Stories, places, hobbies, musings, maybe the odd poem... Hopefully, all these seemingly random pieces will fit together one day to reveal the grand mosaic that the cosmic universe has planned for me.

20 thoughts on “An (extra)ordinary cup of tea”

  1. Yeah, Rajasthanis make a mean cup of chai, no?

    I particularly like their practice of pouring it piping hot between two glasses held at arms lengths, cooling it as it forms a thin stream through the air and foaming it like a sort of tea cappuccino.

  2. Hey, I only just noticed the roti pic.

    I don’t think I’ve ever seen it cooked directly on coals before. I thought it usually goes onto a tawa (one way up for Hindus, the other way for Muslims) or slapped onto the wall of the tandoor resulting in a characteristic lopsided shape.

      1. My info is probably apocryphal.

        I was staying with a sadhu in Himachel Pradesh and talking to a Hindu friend while Baba Ram Nila made roti. My friend isn’t actually Hindutva but he’s still pretty chauvinistic. He commented that when Muslims make roti they use the tawa ‘upside-down’. I replied that they might think Hindus use it upside-down. He conceded “Probably. But they are wrong.”

  3. You know kasturika, when I was in India I was always upset and a little frightened by the inter-communal tensions that so often erupted, despite the oodles of goodwill I so often saw between Hindus and Muslims. I thought myself lucky to live in a country free from that kind of conflict.

    In the past decade or so I’ve been horrified to see Islamophobia gain a powerful foothold in Australia too. Though there are plenty of secular and Christian Australians who reject it they typically do so from a patronising position of ‘tolerance’ rather than a real sense of oneness with their Muslim compatriots.

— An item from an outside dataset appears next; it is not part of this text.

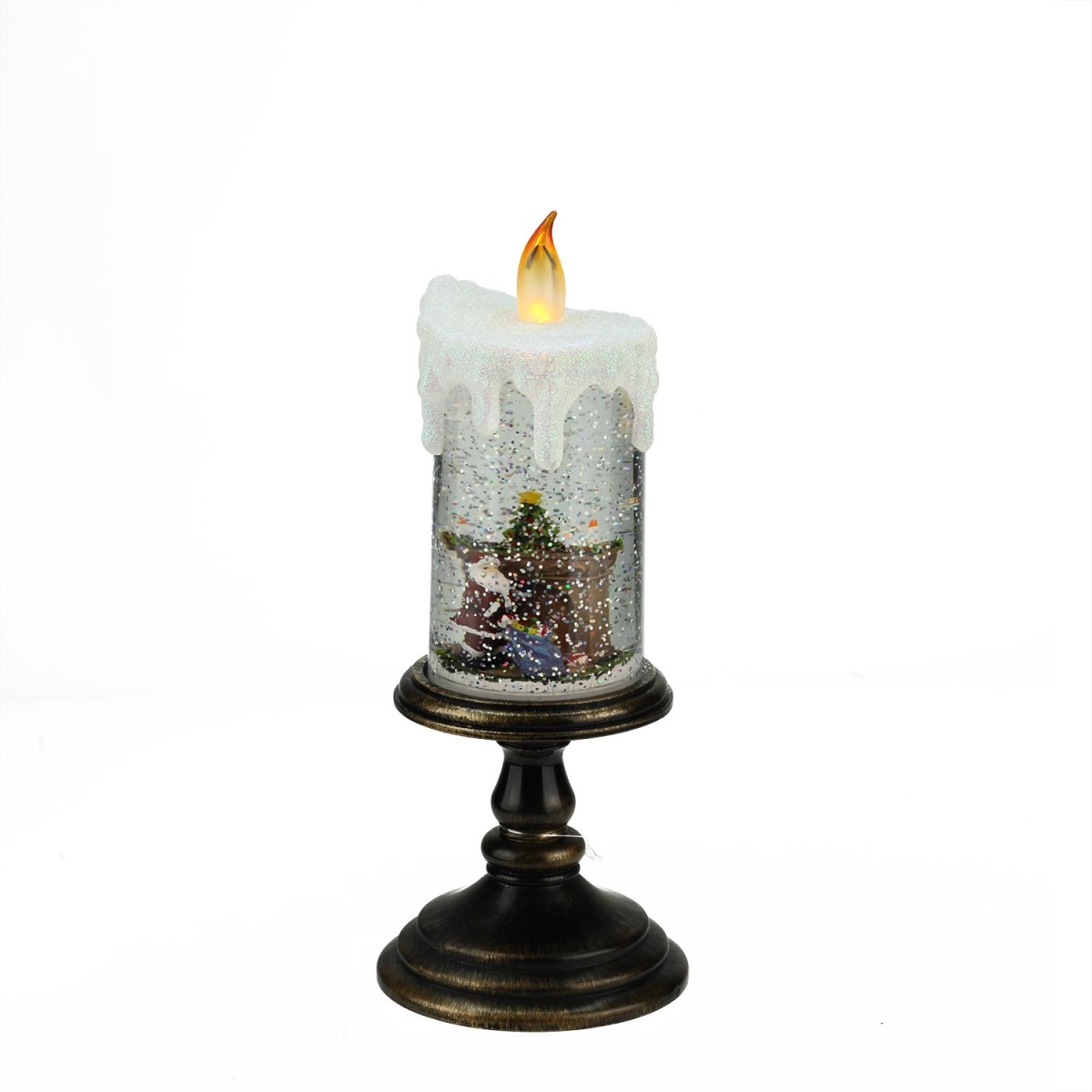 Enhance your holiday decor with this charming Christmas candle Glittering Snow Dome. The flickering amber flame gives a realistic look. Iridescent glitter floats inside lending a wintry, Christmas morning feel. This clear, glitter filled candle sits atop a brushed bronze pedestal base. Inside the candle Santa stands with his sack of presents by a fireplace decorated with a small Christmas tree. The candle is illuminated by a flickering amber light which also highlights the scene inside. Requires: (3) "AA" batteries (not included). Convenient on/off switch on base Dimensions: 10.25"H x 4.25"W x 4.25"D. Material(s): plastic/acrylic

    So much for my own feelings of cultural superiority.

    1. Tough times we live in. But I think humans have always been at war with each other on some pretext or the other. It’s just that there never was this thing called internet and there never was this need to keep blasting exclusive and breaking news.

      1. If it was just the news I wouldn’t be so worried. But these days I regularly talk to people who casually drop incredibly insulting and ill-informed views of Islam and Muslims with the complete authority of a know-it-all. Some of it is tantamount to the blood-libel used to justify European pogroms against Jews in the middle ages, yet the people who spread it would be very hurt to be accused of prejudice or bigotry, much less incitement to violence. Sometimes it’s so idiotic it would be funny if the potential consequences weren’t so serious.

        Australia has always had a strong racist streak – especially against my own Aboriginal people – but through most of my life I’d thought it was improving and would someday be a thing of the past. But since the mid-90s it’s been getting steadily worse.

      2. I’ve heard that sometimes things need to get really bad before they improve. Sometimes I wonder how much better animals are in these matters. If we were still nomads living in caves, earth would have been in a much better condition. Despite all this, there’s still an optimist in me. I still believe that people are by and large good at heart. We need to just look for the good folks around.

    1. 🙂 Thank you! Being in a different place,and to just relax without anyone judging you — a five star hotel will hardly give you that feeling (maybe in the comforts of your room, but not in public) that was the best part. I kicked off my sandals and sat cross-legged on the wooden cot under the shed — which, despite the heat, was surprisingly cool.